My journey from Metro Detroit to the village of my ancestors
By Christina Salem | July 2022 | Photos contributed
After many delays at the tail end of January, the announcement had finally arrived — I was selected to participate in this year’s Gishru birthright trip to the Assyrian homeland, a two-week tour of villages and cities in northern Iraq.
I was filled with excitement. Being able to connect to my roots gave me a sense of wholeness that left me speechless in the plethora of breathtaking moments. I was flowing in a way only my intuition could guide me.
Accompanying me on my journey was one of my closest friends, Andrew Najor II (Drew). His father’s friend put us in touch with a relative that would safely take us around Tel Keppe, a town near Mosul.
The town of my father and paternal forefathers, with the land, once held sacred for being a hill of stones, turned into a cell for Islamic State (IS) fighters. Squatters from the extremist group still roam nearby.
We were told, wrongly, that a visa was required to get into lands guarded by Federal Iraq. It made us question if the journey would be worth it. After much deliberation, however, we asked when would we ever be able to take such an opportunity?
Once in Iraq, we were connected to Massoud Ayar, a businessman who lives in Nohadra and runs two tahini factories.
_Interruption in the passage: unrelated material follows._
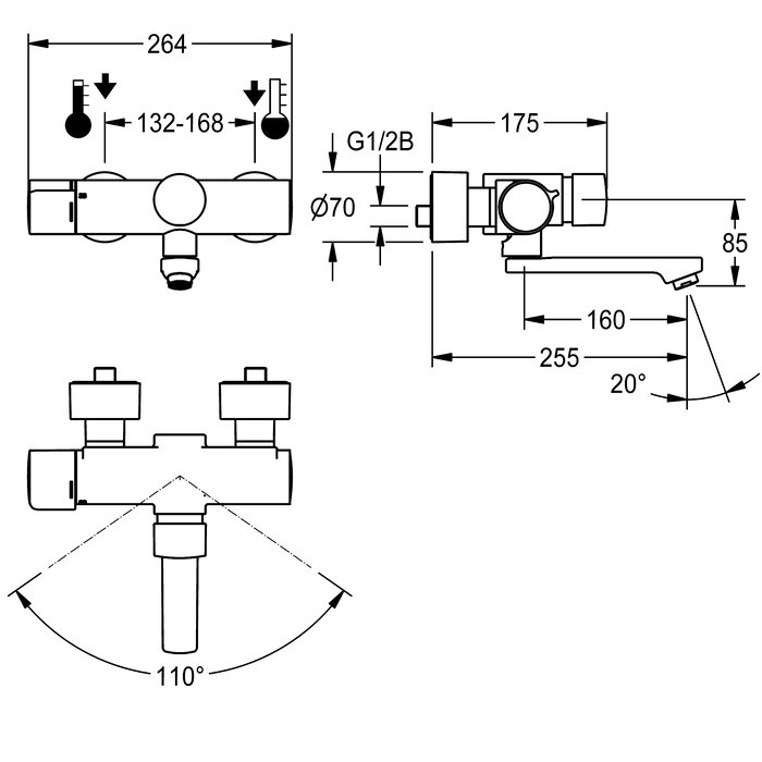Mitigeur thermostatique mural à fermeture automatique F5S-Therm DN 15 pour le montage en saillie avec sortie pivotante bloquante, pour les installations sanitaires. À commande hydraulique, pour le raccordement sur les arrivées d'eau chaude et d'eau froide. Avec dispositif pour l'unité hygiénique en option avec module C pour l'exécution d'un rinçage hygiénique automatique et d'une lecture de données statistiques. Cartouche à fermeture automatique FRAMIC, à commande hydraulique, nécessitant peu de maintenance et sans stagnation, avec technologie à disques de céramique, fermant automatiquement, indépendante de la pression de débit grâce à la conception à fluides séparés. Durée d'écoulement réglable en continu. Thermostat avec poignée métallique à butée de température réglable, avec possibilité de réalisation d’une désinfection thermique manuelle. Boîtier Safe-Touch anti-brûlure, structure entièrement métallique, laiton chromé poli. Mousseur à jet laminaire avec régulateur de débit intégré de 6,0 l/min. Avec raccordements ajustables et bloquants à clapets anti-retour et filtres, entièrement recouverts par des rosaces à visser réglables en profondeur. Projection de 255 mm.

Little did we know we had run into his wife at the Delal Bridge in Zakho a few days prior.
Through Ayar, Drew and I were able to discuss a last minute excursion to Tel Keppe that would include breakfast and a tour of his factories.
Our Gishru group leader Suzan Younan spoke to Ayar about what precautions would be made to keep us safe as the town is still a sensitive travel area.
Toward the end of the night, she approached Drew and I and whispered:
“You’re going to Tel Keppe.”
We shared a look of excitement I can only describe as internally screaming. All of the stories I had heard from my father about Tel Keppe would become real in 12 short hours.
On the day of our trip, we arrived at his home and were served with the utmost hospitality and kindness as we were fed a delicious breakfast and sampled the tahini made in his factories.
Any uneasiness I felt about safety was erased when Ayar showed me his family photos. I saw my university classmates standing behind him. I knew in that moment that with Ayar, we were in safe hands.
Ayar not only knew our families, he even cited their extended relations. He could tell us where their homes were located within the village.
As we left his home and our journey to Tel Keppe began, we moved through KDP checkpoints with ease. When we finally arrived at the village, Ayar pointed out former IS members as we passed.
I was filled with many emotions. My father always spoke of the richness of his family history on both sides — the Salem’s and the Gabbara’s. I would get to see where and how my grandparents first encountered each other and fell in love, the love my father always described as unconditional.
Our tour began at the family home of Ayar’s wife. The home was in the process of being remodeled as it was looted years’ prior by the extremist group. It was stunning even in its metamorphosis — 20 bedrooms with multiple bathrooms in each room. It was nothing short of a multi-family mansion.
We climbed to the rooftop, and I remembered my father often told me they slept here during the hot summer nights. The entirety of the village was in our view. And what a sight it was, it felt ethereal. The air was different. Crisp and flowing through our hair. We basked in the sun’s rays and took in the moment.
We descended from the rooftop and continued our tour. Names of families I had grown up near in Metro Detroit, their legacies continued in the diaspora, were once neighbors in the homeland.
Our tour next moved to the houses that belonged to Salem. I had no expectations but many surprises. In the home belonging to my ancestors, there was destruction and trash, but it stood vacant.
On the outside, handprints stamped in white paint, some Arabic writing and, noticeably different than other houses that had their address spray painted, a rusty metal address sign.
I needed this sign as a piece of our home I could reclaim. I began tugging at the wall, tears streaming down my face, using every ounce of determination to dismantle and recover this piece of my family history. Ayar’s burly bodyguard stepped in to assist, slicing his hand in the process.
We were then swarmed by children asking why I was crying and what the commotion was about. Drew explained this house used to belong to my family and that I wanted the sign.
He told them to return with a hammer. One of the children returned a few minutes later with a hammer that Ayar’s driver used to pry the sign free. It was finally mine.
My last name Salem came from a story my father always used to tell me. One that said we would always come back in one piece.